Very much agreed.
It should be enough. IFS's gola is to have external customers account for approximately one-third of its revenue, which should be sufficient for its biz model.
Currently, there's a widespread assumption that TSMC will maintain its technical leadership indefinitely without any significant missteps. However, how long can this assumption be held true? For instance, SemiAnalysis reports that while TSMC's backside power implementation is more advanced than IFS's PowerVia technology, it is also more complex and potentially carries higher risks. This highlights that even industry leaders can face technical challenges and uncertainties.
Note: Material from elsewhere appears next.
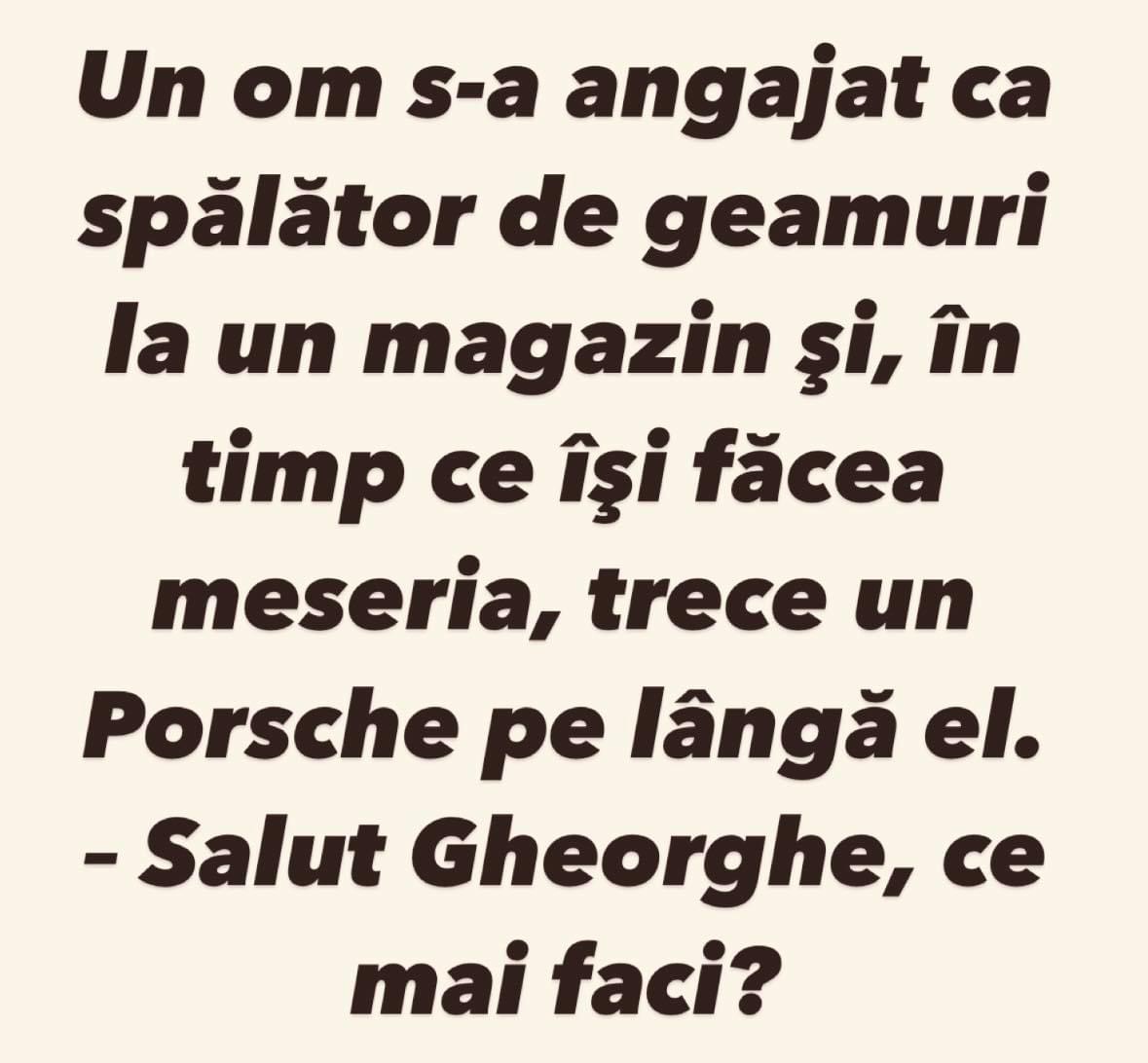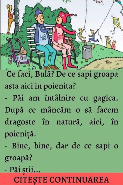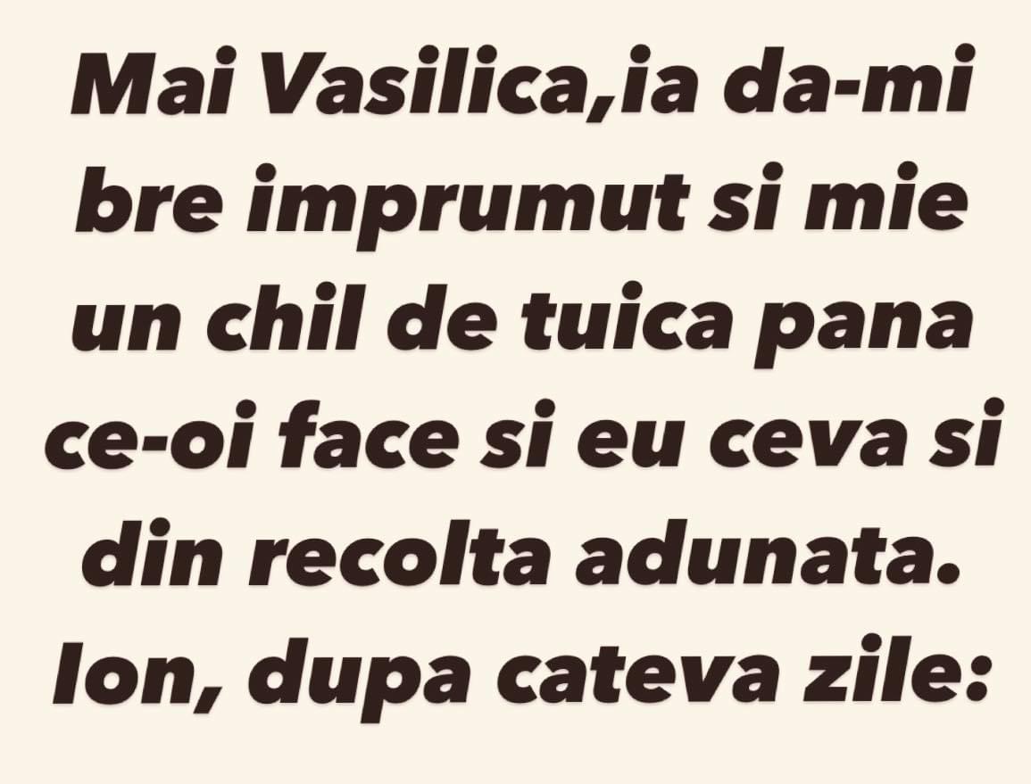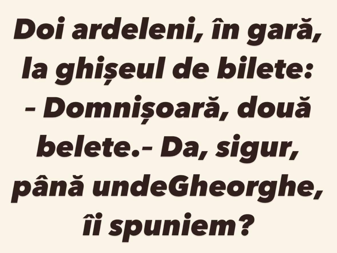 Vine Ion acasă de la oraş şi zice către Maria, hotărât: – – Marie, stinge lumina, trage perdelele şi în pat iute! – Mă Ioane, da mai am de lucru. – Dac-am zis, am zis! Vede Maria că n-are încotro, se conformează. Se pune şi Ion în pat, trage plapuma peste ei şi zice: – No, acum Marie, … Read more

Which is precisely why TSMC is introducing BSPD as a "second-step" 2nm process (now called A16) after introducing GAA in 2nm (which is pretty much 3nm metal with new transistors underneath) -- do one big new thing at a time to reduce risk, and so it's not a total disaster if things get delayed or have problems. Which is where Intel fell over with 10nm, trying to do too many radical changes all at the same time, they tried to do a massive leap forwards and fell over... :-(
I expect A16 will be a "pipecleaner" for BSPD like N7+ was for EUV -- and for the same reason, not so many customers because of increased risk (perceived or real) with new technologies and that layouts/libraries are not compatible with N2 so there's no quick/easy switchover in either direction. Once BSPD has been thoroughly debugged and derisked by A16 it'll be adopted much more widely (in A14?), like N5 was as the first big-EUV process following the N7+ pipecleaner.